MagratLancre · 15/02/2022 15:13
@inthemane great description!
@asdmum2 I know, doesn't everyone do it is my thought too, but apparently not, which blew my mind! I hide too! Worst is when I see people out of context, like colleagues on a weekend around town, and I feel squeamish about it for ages after!
Percie · 15/02/2022 15:22
It was only at diagnosis that I understood what masking is and how much I've been doing it. I copy speech styles and phrases to match the situation/who I'm talking to. My behaviour/speech are based on decision trees - when I run out of decision tree is when I either stop talking completely or say anything, no matter how incorrect for the situation, in order to follow the 'keep the conversation going' directive.
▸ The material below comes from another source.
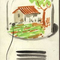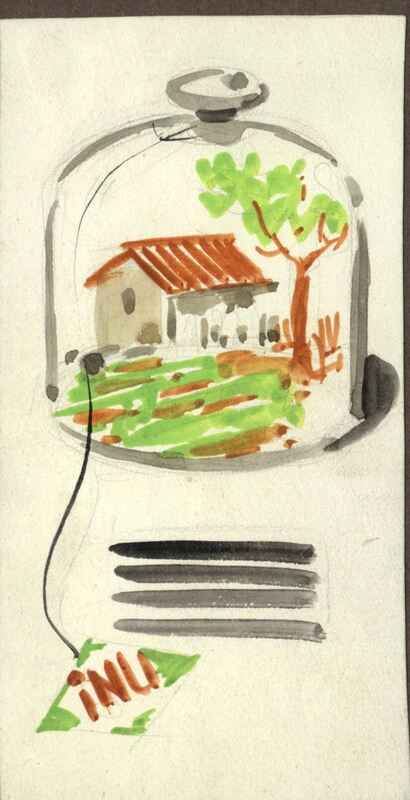 - Boceto en el que se representa la imagen de una casa, junto a un árbol y un jardín a través de un soporte de cristal, debajo un conjunto de líneas que simulan la leyenda que iría escrita y un logotipo romboidal con las esquinas en verde en cuyo centro se lee “INLA”.

In recent years I've found masking really hard but didn't understand why I couldn't just do normal things right. In work meetings I've had to ask my (thankfully supportive) team to stop looking at me when we were discussing a problem we needed to solve. They've also removed a poster from the office because it was illogical (five spheres linked by a circle but that were numbered 1, 2, 3, 5, 4 because the graphic designer decided to change the order at the bottom of the circle) and distracted me for days.
The less I am able to mask the more DP feels that I've been unconsciously deceitful, but if you don't know that what you're doing isn't normal/don't know everyone else doesn't think the same way, how can that be deceitful? It's a real struggle to articulate all this.